I don't think so. (1) might even be the most common type of all code. This is code that gets a path from user input, from a config file, from a database etc. and then does things with it, typically including passing it to type (2) code and potentially getting a path back from there too.
(2b) Code that wants to support different types of paths such as str, bytes or pathlib objects. This includes os.path.*, os.scandir, and various other standard library code. Presumably there is also third-party code that does the same. These functions may want to preserve the str-ness or bytes-ness of the paths in case they return paths, as the stdlib now does. But new code may even want to return pathlib objects when they get such objects as inputs. Hold on. None of the discussion I've seen has included any way to specify how to construct a new object representing a different path other than the ones passed in. Surely you're not suggesting type(a)(b).
That's right. This protocol is not solving the issue of returning 'rich' path objects. It's solving the issue of passing those objects to lower-level functions or to interact with other 'rich' path types. What I meant by this is that there may be code that does want to do type(a)(b), which is out of our control. Maybe I should not have mentioned that.
Also, how does DirEntry fit in with any of this?
os.scandir + DirEntry are one of the many things in the stdlib that give you pathnames of the same type as those that were put in.
This is the duck-typing or polymorphic code we have been talking about. Code of this type (2b) may want to avoid implicit conversions because it makes the life of code of the other types more difficult.

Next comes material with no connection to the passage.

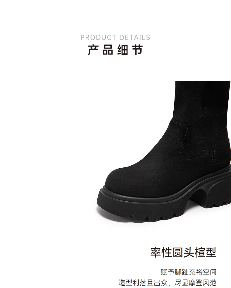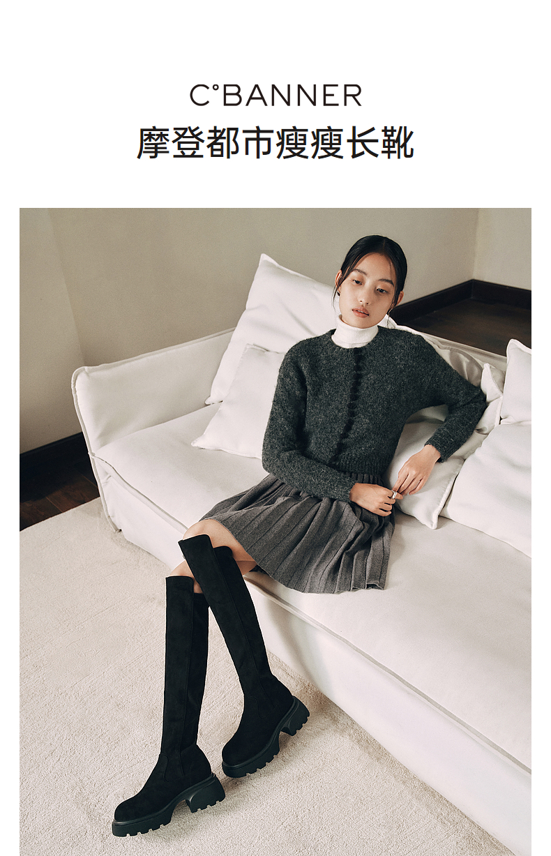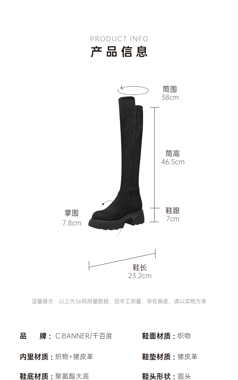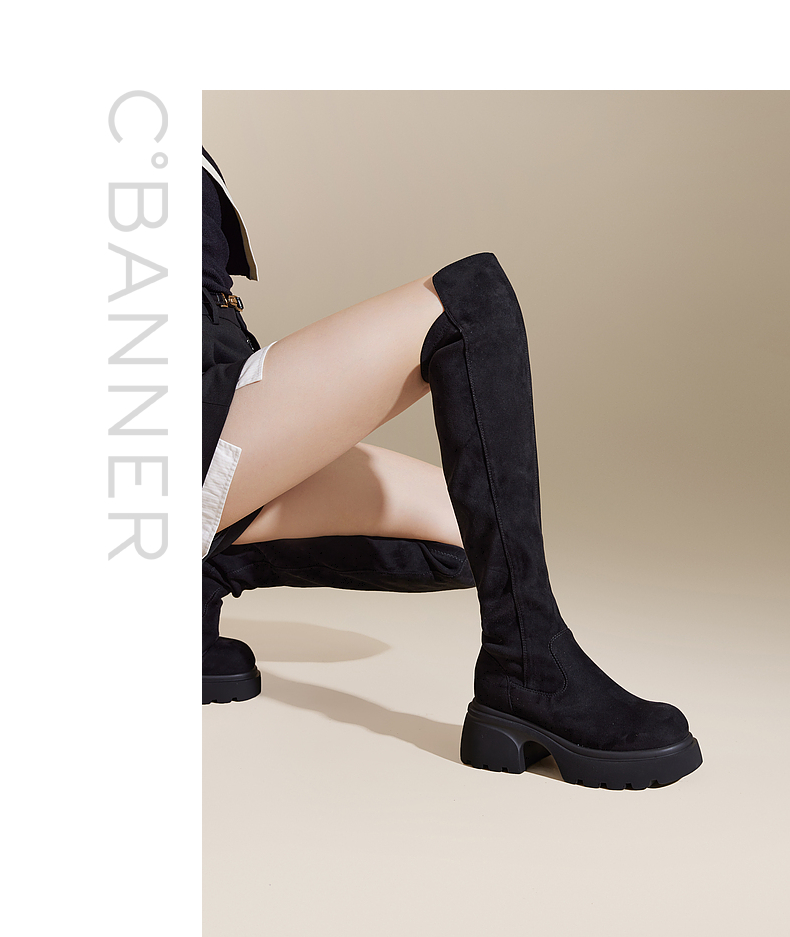 千百度过膝弹力靴袜靴女冬季厚底高筒长靴骑士靴A24523379

As long as the type it returns is still a path/bytes/str (and therefore can be accepted when the caller passes it somewhere else) what's the problem?

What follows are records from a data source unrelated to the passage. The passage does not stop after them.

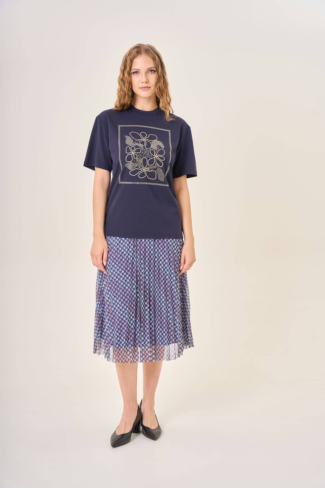 Футболка обладает классическим втачным рукавом и выполнена из более плотного трикотажа, чем летние варианты. Благородный чернильно-чёрный оттенок выгодно подчёркивает оригинальную аппликацию из золотых страз, придавая изделию дороговизну и шик. Футболка подойдёт женщинам разных фигур, идеально вписываясь в городской стиль и позволяя создать стильный и утончённый образ.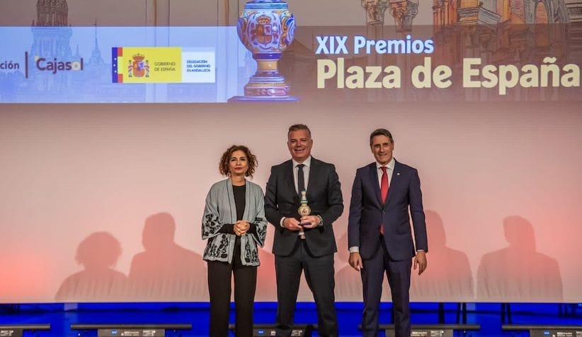 La vicepresidenta cuarta y Ministra de Hacienda y Función Pública, María Jesús Montero, acompañada por el Delegado del Gobierno de España en Andalucía, Pedro Fernández, hizo entrega de este galardón que concede anualmente la Delegación del Gobierno de Andalucía a Don Juan Manuel Reche Fernández, presidente y CEO de Grupo Reche Fernández, empresario de Tíjola.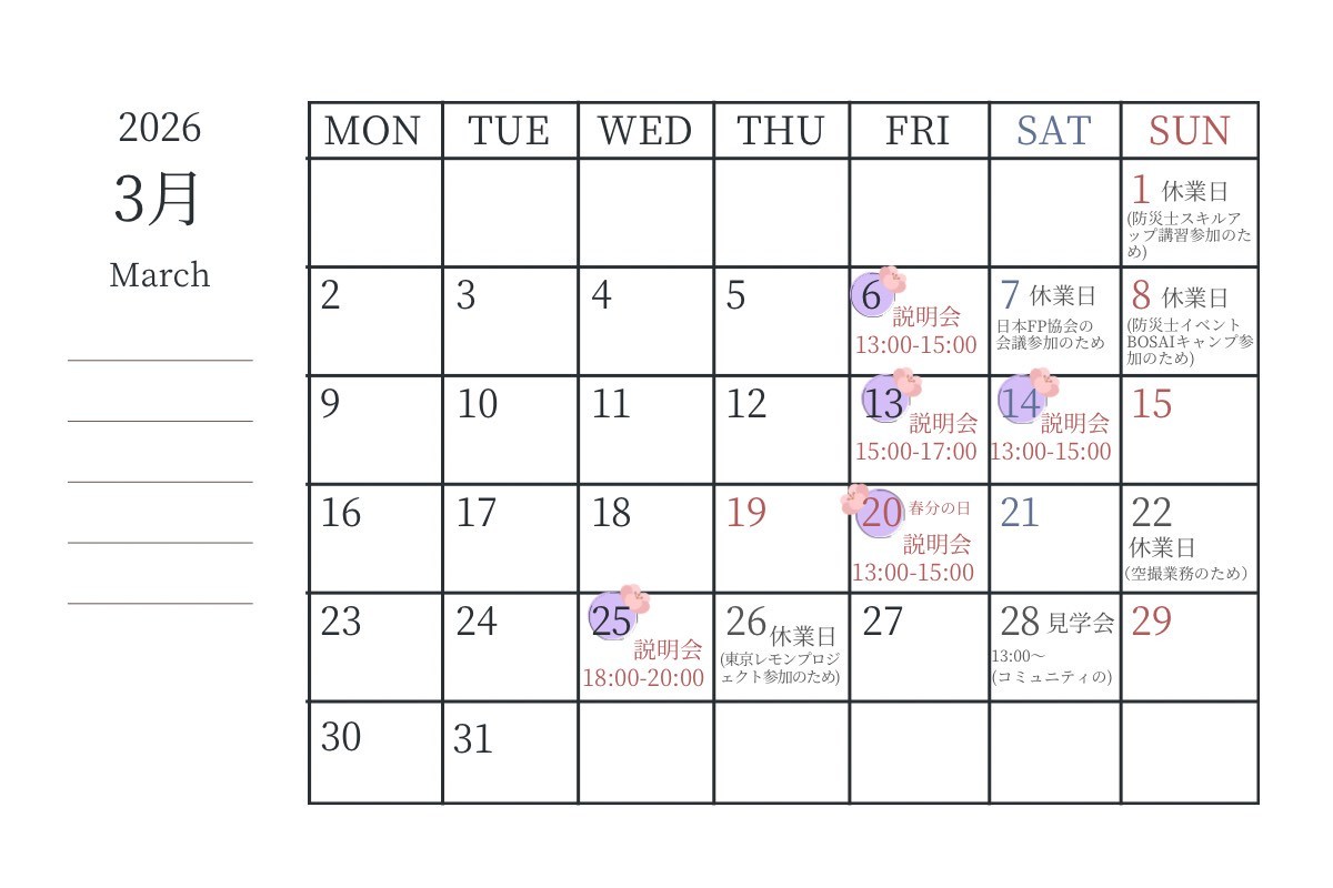 2026年3月の弊社の予定です。

No, because not all paths are passed to the function that does the implicit conversion, and then when for instance os.path.joining two paths of a differenty type, it raises an error.
In other words: Most non-library code (even library code?) deals with one specific type and does not want implicit conversions to other types. Some code (2b) deals with several types and, at least in the stdlib, such code returns paths of the same type as they are given, which makes said "most non-library code" happy, because it does not force the programmer to think about type conversions.
(Then there is also code that explicitly deals with type conversions, such as os.fsencode and os.fsdecode.)